### SOURCE MATERIAL

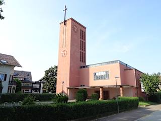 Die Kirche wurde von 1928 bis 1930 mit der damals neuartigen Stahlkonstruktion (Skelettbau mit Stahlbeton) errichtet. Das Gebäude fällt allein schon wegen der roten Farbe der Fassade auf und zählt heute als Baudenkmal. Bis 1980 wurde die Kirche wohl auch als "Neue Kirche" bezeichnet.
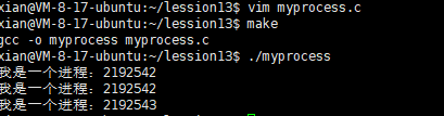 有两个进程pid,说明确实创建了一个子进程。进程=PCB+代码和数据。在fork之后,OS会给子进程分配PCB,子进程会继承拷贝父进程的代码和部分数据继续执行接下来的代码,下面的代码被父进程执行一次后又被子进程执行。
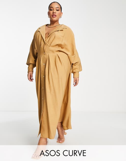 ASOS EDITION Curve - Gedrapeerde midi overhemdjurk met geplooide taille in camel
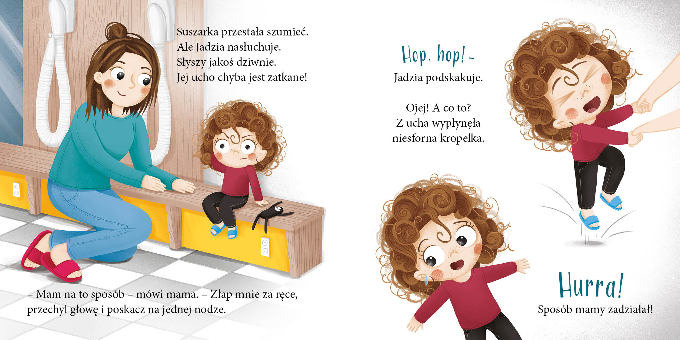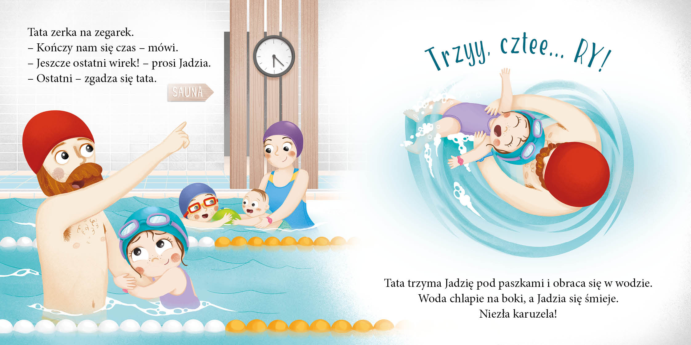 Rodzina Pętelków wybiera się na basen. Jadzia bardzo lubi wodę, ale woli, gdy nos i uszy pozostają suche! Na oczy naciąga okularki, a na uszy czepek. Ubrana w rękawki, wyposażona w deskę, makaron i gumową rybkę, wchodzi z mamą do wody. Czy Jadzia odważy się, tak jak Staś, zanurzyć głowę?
* * *
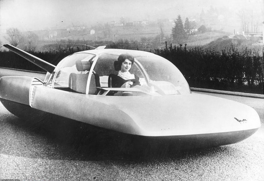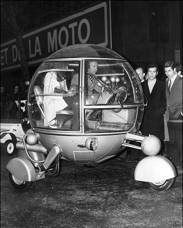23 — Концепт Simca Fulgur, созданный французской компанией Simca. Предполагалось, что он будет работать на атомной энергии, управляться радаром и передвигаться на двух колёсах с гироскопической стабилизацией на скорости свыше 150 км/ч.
--
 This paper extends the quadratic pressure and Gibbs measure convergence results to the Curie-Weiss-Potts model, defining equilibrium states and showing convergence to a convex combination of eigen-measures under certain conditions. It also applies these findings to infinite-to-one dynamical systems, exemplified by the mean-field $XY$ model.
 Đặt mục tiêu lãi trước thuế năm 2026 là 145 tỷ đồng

### REQUIRED ACTION
Copy out exactly the material that runs from the line with "有两个进程pid,说明确实创" to the line with "Rodzina Pętelków wybiera", ends included, and leave the pictures behind.

### TASK ANSWER
 有两个进程pid,说明确实创建了一个子进程。进程=PCB+代码和数据。在fork之后,OS会给子进程分配PCB,子进程会继承拷贝父进程的代码和部分数据继续执行接下来的代码,下面的代码被父进程执行一次后又被子进程执行。
 ASOS EDITION Curve - Gedrapeerde midi overhemdjurk met geplooide taille in camel
 Rodzina Pętelków wybiera się na basen. Jadzia bardzo lubi wodę, ale woli, gdy nos i uszy pozostają suche! Na oczy naciąga okularki, a na uszy czepek. Ubrana w rękawki, wyposażona w deskę, makaron i gumową rybkę, wchodzi z mamą do wody. Czy Jadzia odważy się, tak jak Staś, zanurzyć głowę?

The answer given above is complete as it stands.